» **Data below**:

= Beginning of Section =

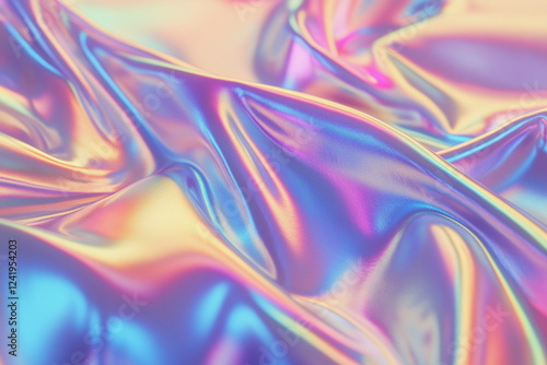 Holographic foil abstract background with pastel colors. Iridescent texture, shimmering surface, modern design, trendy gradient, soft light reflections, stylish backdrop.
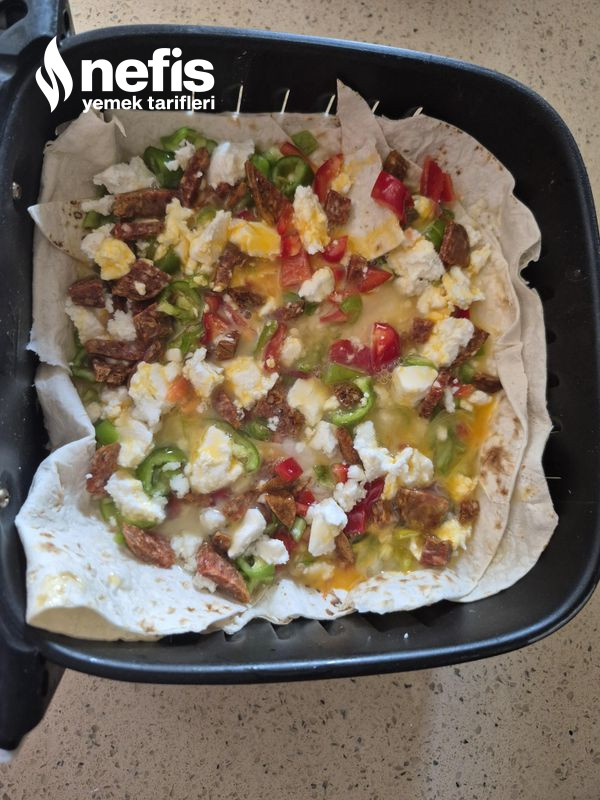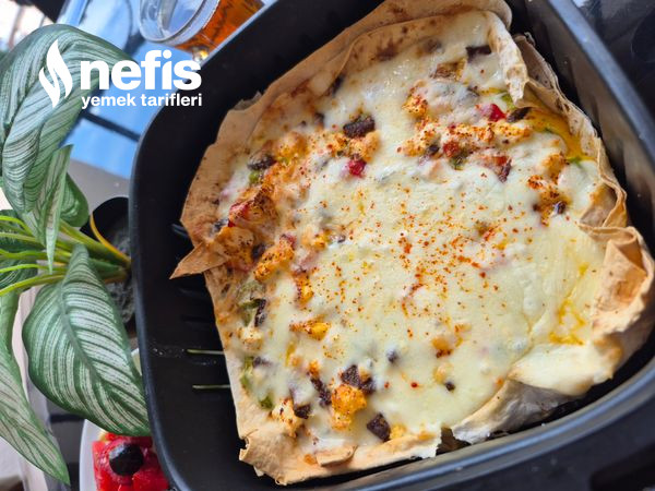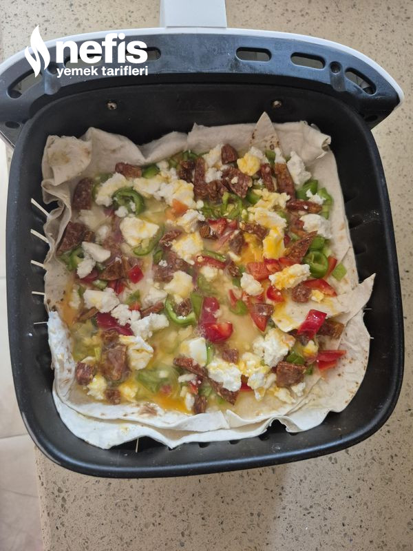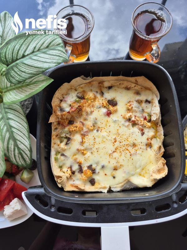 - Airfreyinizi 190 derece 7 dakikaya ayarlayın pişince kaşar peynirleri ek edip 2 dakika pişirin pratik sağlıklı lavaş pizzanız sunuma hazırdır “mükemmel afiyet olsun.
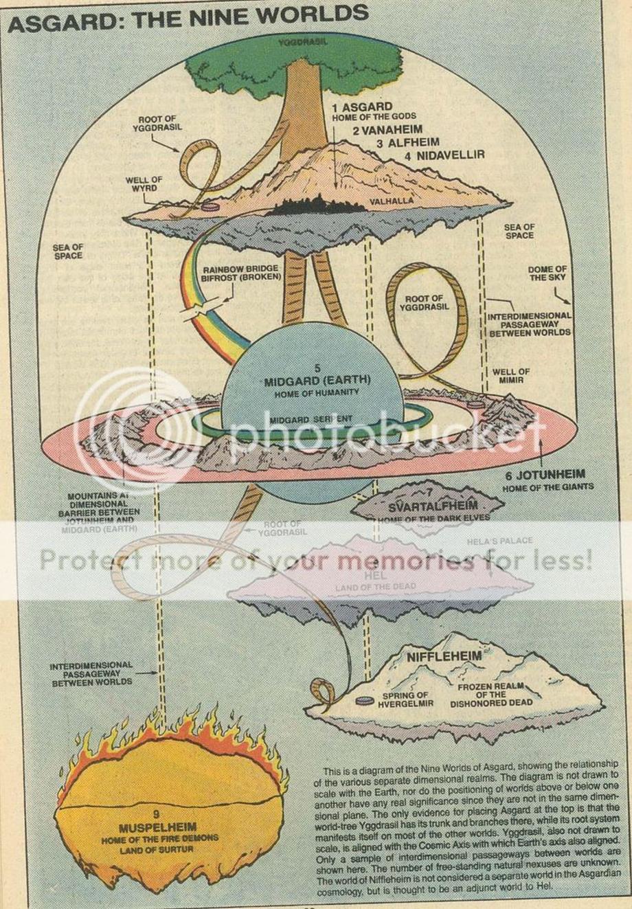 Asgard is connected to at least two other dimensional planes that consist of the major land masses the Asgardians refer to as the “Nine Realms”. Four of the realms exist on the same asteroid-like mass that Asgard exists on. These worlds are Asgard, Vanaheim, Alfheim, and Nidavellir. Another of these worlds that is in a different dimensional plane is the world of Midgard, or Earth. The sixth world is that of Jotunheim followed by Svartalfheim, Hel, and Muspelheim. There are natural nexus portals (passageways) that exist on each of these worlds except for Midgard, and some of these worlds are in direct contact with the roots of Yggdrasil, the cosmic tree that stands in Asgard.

= End of Section =

» **Aim of the exercise**:
Retype the listing exactly. Leave the pictures out.

» **Solved exercise**:
 Holographic foil abstract background with pastel colors. Iridescent texture, shimmering surface, modern design, trendy gradient, soft light reflections, stylish backdrop.
 - Airfreyinizi 190 derece 7 dakikaya ayarlayın pişince kaşar peynirleri ek edip 2 dakika pişirin pratik sağlıklı lavaş pizzanız sunuma hazırdır “mükemmel afiyet olsun.
 Asgard is connected to at least two other dimensional planes that consist of the major land masses the Asgardians refer to as the “Nine Realms”. Four of the realms exist on the same asteroid-like mass that Asgard exists on. These worlds are Asgard, Vanaheim, Alfheim, and Nidavellir. Another of these worlds that is in a different dimensional plane is the world of Midgard, or Earth. The sixth world is that of Jotunheim followed by Svartalfheim, Hel, and Muspelheim. There are natural nexus portals (passageways) that exist on each of these worlds except for Midgard, and some of these worlds are in direct contact with the roots of Yggdrasil, the cosmic tree that stands in Asgard.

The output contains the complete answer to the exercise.